Comme pour tous les actes d’état civil établis par une autorité étrangère et destinés à être produits en France, la formalité de légalisation demeure obligatoire selon la coutume internationale, et sauf convention contraire. La France n’ayant conclu avec la Guinée aucune convention dispensant ce pays de cette formalité, la formalité de légalisation est indispensable pour que les actes d’état civil puissent être opposables en France. Seuls le consulat général de France en Guinée ou le consulat de la Guinée en France, peuvent procéder à cette légalisation.
Lorsqu’un acte de l’état civil a été dressé en exécution d’une décision étrangère, il devient indissociable de cette décision. La reconnaissance d’une décision étrangère non motivée est contraire à la conception française de l’ordre public international de procédure lorsque ne sont pas produits les documents de nature à servir d’équivalents à la motivation défaillante.
En l’espèce, pour justifier de son état civil, [I] [D] produit un jugement supplétif de naissance n° 11914 rendu le 5 juin 2017 par le tribunal de première instance de Conakry, ainsi qu’un extrait du registre de l’état civil portant sur l’acte de naissance n° 2583 dressé le 6 juin 2017 sur transcription dudit jugement.
Le ministère public produit quant à lui un extrait du registre de l’état civil délivré le 12 août 2021 portant sur l’acte de naissance n° 7654 de [I] [D] dressé le 12 août 2021 en exécution d’un jugement supplétif de naissance n° 20732 du 12 juillet 2021. Il convient de relever que ces documents d’état civil produits par le ministère public ne peuvent être écartés des débats dès lors qu’ils ont déjà été produits devant le directeur de greffe au soutien de l’état civil de [I] [D] et qu’ils constituent le motif de la décision de refus d’enregistrement.

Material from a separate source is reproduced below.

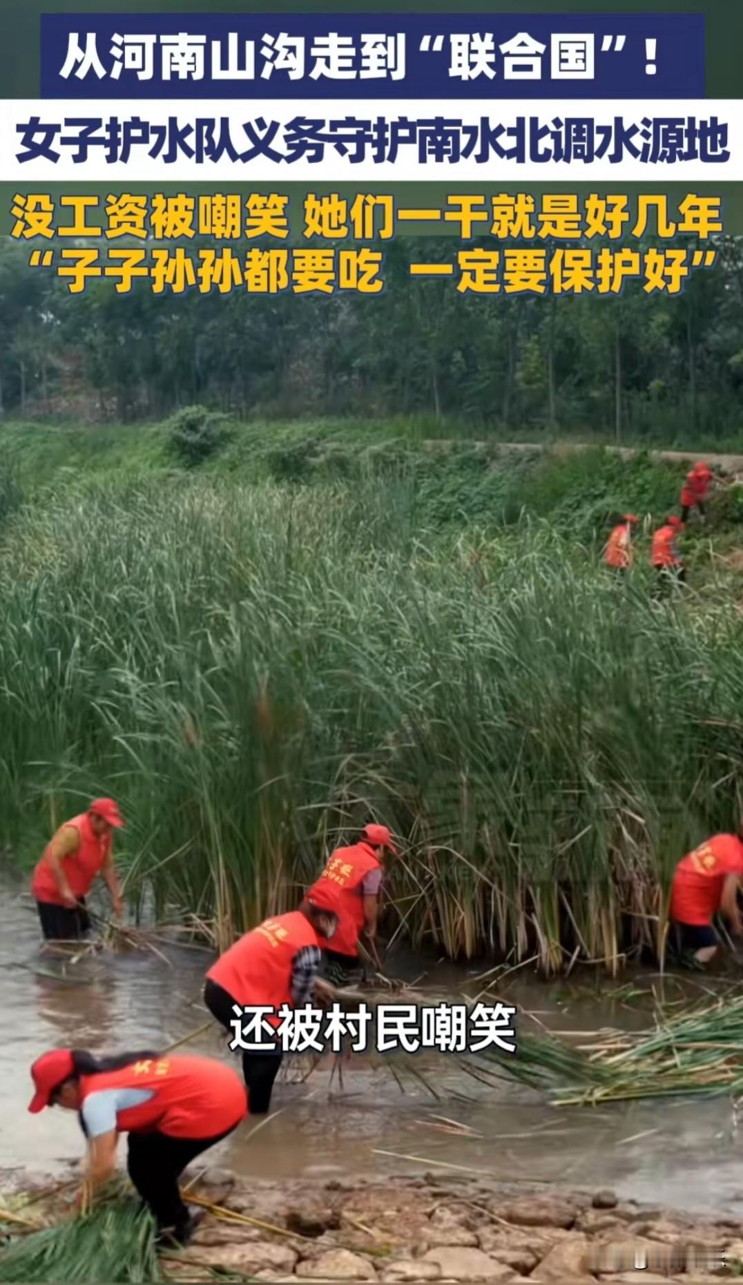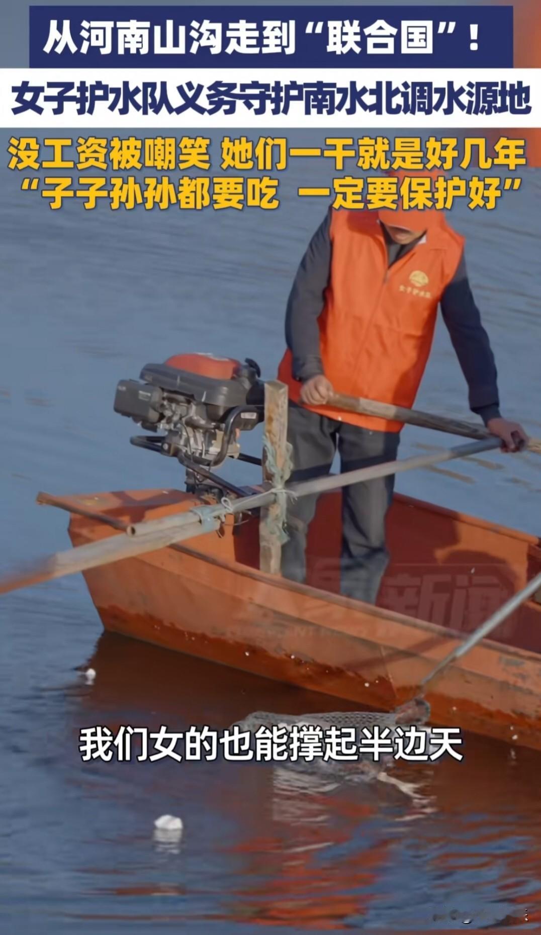 从被全村嘲笑,到站在联合国讲台:河南这群农村妇女,凭什么? 谁能想到? 一群被同村人嘲笑“瞎折腾”“没工资还干得起劲”的农村妇女,竟然从河南的大山沟里,走到了联合国的讲台上! 她们没有编制,没有工资,不图名利,只为守护一汪清水。这一干,就是好几年。 她们,就是孙小英和她的女子护水队。 南水北调工程,中线源头在河南淅川。为了保证一渠清水送北上,水源地的环境保护,容不得半点马虎。 但守护这片水域的,除了专业人员,还有一群你可能想象不到的人——孙小英和她的姐妹们。 她们是地地道道的农村妇女,平均年龄超过50岁。她们的家,就在丹江口水库边上。 几年前,孙小英发现,库区岸边偶尔会有垃圾、漂浮物。她琢磨着:“咱这水是要送到北京去的,脏了可不行。” 于是,她拉了同村的脱贫户,组建了一支“女子护水队”。没有经费,没有工资,纯属义务劳动。 有人笑她们傻:“又没钱拿,图啥呢?真是闲得慌!” 孙小英听了,也不争辩,只是笑着跟姐妹们说:“别人笑,咱把活儿干好就行。等人家喝上干净水,咱心里就踏实。” 护水的工作,看着简单,干起来才知道有多难。 丹江口水库岸线长,有的地方坡陡路滑。夏天,烈日当头,水面反光刺眼,大姐们穿着红马甲,沿着崎岖的库岸线,捡拾垃圾、打捞漂浮物。汗水顺着脸颊往下淌,衣服湿了干,干了又湿。 冬天,寒风凛冽,水面冰冷刺骨。她们拿着长竿和网兜,弯腰在岸边清理。有时为了捞起一个卡在石缝里的塑料瓶,要手脚并用,小心翼翼地爬下去。 孙小英的手上,有不少被树枝划破、被石头磨出的老茧和伤疤。她从不抱怨,反而打趣说:“这都是咱的‘功勋章’。” 有一次,为了打捞一个被冲到远处的泡沫箱,几个大姐划着小船出去。箱子很重,拖到一半,船身摇晃得厉害,差点翻掉。岸上的人看得心都悬起来了,她们却只是稳住身子,一点一点把箱子拽了回来。 事后有人问:“那么危险,一个箱子,至于吗?” 孙小英说:“咋不至于?这东西在水里烂了,污染多大啊。咱累点、险点,也得弄干净。” 就这样,日复一日,年复一年。 别人在村头聊天打牌的时候,她们在水边忙碌。 别人过节团圆的时候,她们可能还在岸上巡视。 慢慢地,风凉话少了,敬佩的人多了。偶尔有村民路过,会主动停下帮忙搭把手。也有年轻人被她们带动,加入了护水的队伍。 但谁也没想到,这群朴素的农村妇女,有一天会走出大山,走向世界。 因为她们多年如一日的坚守,孙小英作为代表,受邀前往联合国,分享她们守护水源的故事。 站在联合国的讲台上,面对来自世界各地的目光,孙小英讲起了丹江口水库,讲起了她们的护水队,讲起了那些被汗水浸透的日日夜夜。 她没有华丽的辞藻,只有最朴实的语言。但台下的掌声,经久不息。 曾经那个被人嘲笑的“傻大姐”,这一刻,让世界看到了中国普通百姓的责任与担当。 从河南山沟,到联合国讲台,孙小英和她的护水队走了好几年。 这几步路,丈量的,不仅是从乡村到世界的距离,更是一群普通农村妇女心中那份朴素而伟大的坚守。 她们守住的,是一泓清水的纯净; 她们传递出的,却是中国人骨子里的那份担当。 这世上最动人的荣耀,不是聚光灯下的光环,而是无人看见处,那份日复一日的默默付出。 当个人的命运与宏大的国家工程相连,平凡的人生,便有了不平凡的意义。 她们,是我们身边真正的“光荣榜”。 为孙小英和她的姐妹们点赞! 为所有默默守护家园的普通人点赞!

Tout comme le relève le directeur de greffe, il ressort de l’ensemble de ces pièces que l’intéressé est titulaire de deux actes de naissance distincts dressés en exécution de deux décisions de justice différentes. En effet, l’acte numéroté 2583 est établi le 6 juin 2017 sur transcription du jugement n° 11914 du 5 juin 2017 tandis que l’acte numéroté 7654 a été dressé le 12 août 2021 sur transcription du jugement n° 20732 du 12 juillet 2021, ce qui a pour effet de leur ôter toute force probante.

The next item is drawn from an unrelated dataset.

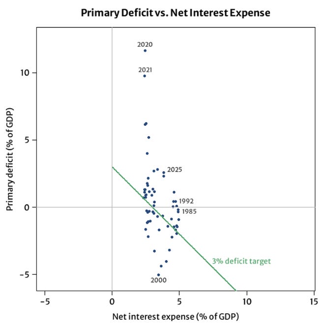 Figure 1. Primary deficit vs. net interest expense, 3% deficit constrain

[I] [D] ne justifie donc pas d’un état civil certain.
Ainsi, il ne peut acquérir la nationalité française sur le fondement de l’article 21-12 1° du code civil et, sans qu’il soit nécessaire de statuer sur les motifs surabondants, il convient de rejeter ses demandes et de constater son extranéité.
Le présent jugement ayant trait à la nationalité française, il convient d’ordonner qu’il soit procédé à la mention de l’article 28 du code civil.
Sur les autres demandes
Les dépens seront mis à la charge de [I] [D], qui succombe, et recouvrés comme en matière d’aide juridictionnelle.

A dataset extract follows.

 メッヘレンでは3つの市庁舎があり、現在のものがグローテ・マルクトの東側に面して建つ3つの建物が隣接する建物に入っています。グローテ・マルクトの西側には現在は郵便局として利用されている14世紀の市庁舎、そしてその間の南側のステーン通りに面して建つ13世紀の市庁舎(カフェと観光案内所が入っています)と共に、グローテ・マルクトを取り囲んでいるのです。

Il convient de débouter [I] [D], partie perdante, de sa demande au titre de l’article 700 du code de procédure civile.
PAR CES MOTIFS
Le Tribunal, statuant publiquement, par décision contradictoire et susceptible d’appel,
REJETTE la demande d’enregistrement de la déclaration de nationalité française souscrite le 2 juin 2021 par [I] [D],
DIT que [I] [D], se disant né le 1er juillet 2003 à [Localité 3] (GUINEE), n’est pas Français,
ORDONNE que la mention prévue à l’article 28 du code civil soit apposée,
DEBOUTE [I] [D] de sa demande indemnitaire au titre de l’article 700 du code de procédure civile,
LAISSE les dépens à la charge de [I] [D], pour être recouvrés comme en matière d’aide juridictionnelle,
En foi de quoi, le président et le greffier ont signé le présent jugement.